I giovani protagonisti di Homo homini virus avvertono le punzecchiate dell’aculeo della mediocrità mentre attraversano il mondo dell’arte estrema contemporanea, performance e body art, cercando di far valere il proprio talento. Angelo vorrebbe fare il giornalista e viene sfruttato come tutti gli aspiranti cronisti senza raccomandazioni. Iris è un’artista che usa il proprio corpo fino alle estreme conseguenze. Seguendo l’intreccio delle loro vicende, il lettore scopre ambienti in genere riservati agli appassionati dell’arte contemporanea, quelli che il pubblico conosce soprattutto attraverso l’opera di Marina Abramović. Un movimento artistico che tende a esplorare la comunicazione tra l’artista e il suo pubblico, ponendo soprattutto il corpo al centro dell’attenzione: sensualità e sensorialità accese anche attraverso il superamento dei propri limiti, la resistenza al dolore, l’ossessione mentale, il sacrificio di sé, la ricerca di una percezione esaltata oltre il sentire comune.
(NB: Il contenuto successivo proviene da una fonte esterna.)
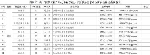 四川2021“圆梦工程”助力乡村学校少年宫联系表

In questa costruzione non facile di un’opera aperta a influssi molto diversi tra loro, il lettore potrebbe lasciarsi prendere da una parte della narrazione e trovare ostico qualche passaggio diverso: qualcuno apprezzerà più il realismo della vicenda che il pensiero filosofico che la pervade, qualcun altro si divertirà a scoprire la realtà della performance art e troverà meno convincenti i passaggi lirici (senza dubbio ascrivibili alla «sofferenza del cuore» che si riflette già nella scelta di un movimento come i Cardiopatici) e viceversa. Ma Homo homini virus non può essere preso a frammenti, a pillole, a strappi, va invece letto come un’unica forte creazione letteraria che alla fine lancia un messaggio pessimistico e attuale sul nostro mondo. L’Uomo ha superato perfino il vecchio concetto enunciato dal filosofo Hobbes, «Homo homini lupus», ora è diventato un morbo, una malattia, un virus che si trasmette agli altri uomini contagiandoli. In questo senso il titolo può facilmente diventare un acronimo, HHV, che ricorda molto da vicino quello dell’HIV, come a sottolineare che al centro c’è il Corpo, un corpo che tende a dissolversi e macerarsi, un corpo umano ma anche un corpo sociale che si sta corrompendo in via forse definitiva. I romanzi come questo ne sono una spia e, quando vengono da un giovane autore, sono anche un allarme – se qualcuno lo volesse ascoltare.